▶ **Your goal**
Starting at the line holding "These pictures were" and finishing at the line holding "The position in", transcribe the material exactly, keeping both ends but no pictures.

▶ **Record excerpts**
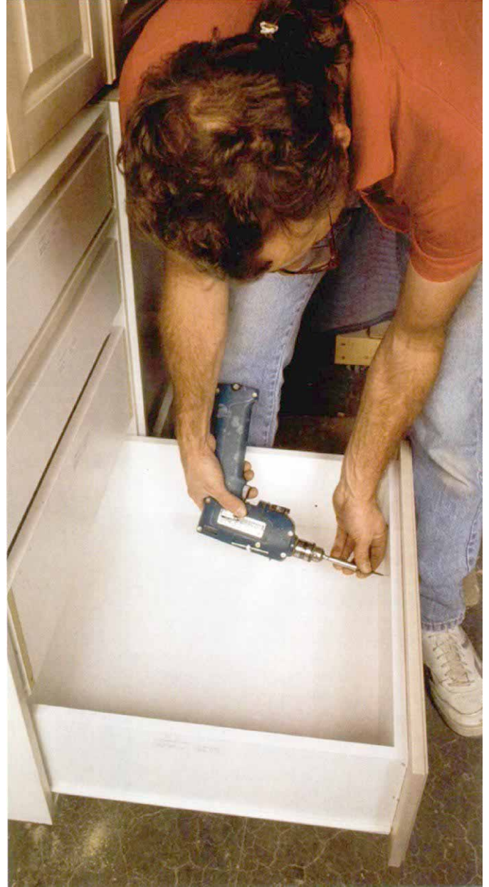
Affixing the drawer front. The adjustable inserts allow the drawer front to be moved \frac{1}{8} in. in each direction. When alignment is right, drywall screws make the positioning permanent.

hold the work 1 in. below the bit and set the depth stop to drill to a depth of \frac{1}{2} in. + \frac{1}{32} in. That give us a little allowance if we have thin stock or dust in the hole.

* * *

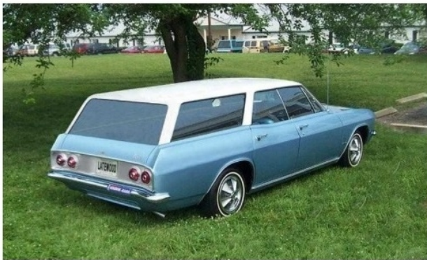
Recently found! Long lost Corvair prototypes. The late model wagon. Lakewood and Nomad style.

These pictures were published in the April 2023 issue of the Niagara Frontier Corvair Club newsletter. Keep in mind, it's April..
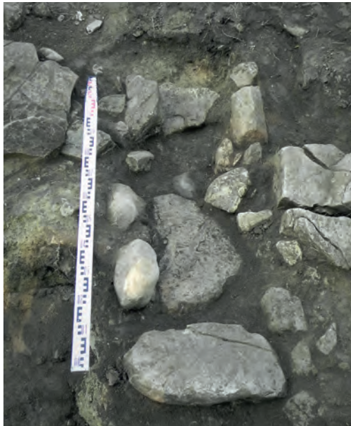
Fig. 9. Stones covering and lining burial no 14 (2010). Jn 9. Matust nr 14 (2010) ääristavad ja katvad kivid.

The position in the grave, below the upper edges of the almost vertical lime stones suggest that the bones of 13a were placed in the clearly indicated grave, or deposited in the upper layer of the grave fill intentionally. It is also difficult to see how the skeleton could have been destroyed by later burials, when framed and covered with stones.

* * *

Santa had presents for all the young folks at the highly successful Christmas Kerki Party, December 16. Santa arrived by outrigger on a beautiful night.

▶ **Result for this exercise**
These pictures were published in the April 2023 issue of the Niagara Frontier Corvair Club newsletter. Keep in mind, it's April..
Fig. 9. Stones covering and lining burial no 14 (2010). Jn 9. Matust nr 14 (2010) ääristavad ja katvad kivid.

The position in the grave, below the upper edges of the almost vertical lime stones suggest that the bones of 13a were placed in the clearly indicated grave, or deposited in the upper layer of the grave fill intentionally. It is also difficult to see how the skeleton could have been destroyed by later burials, when framed and covered with stones.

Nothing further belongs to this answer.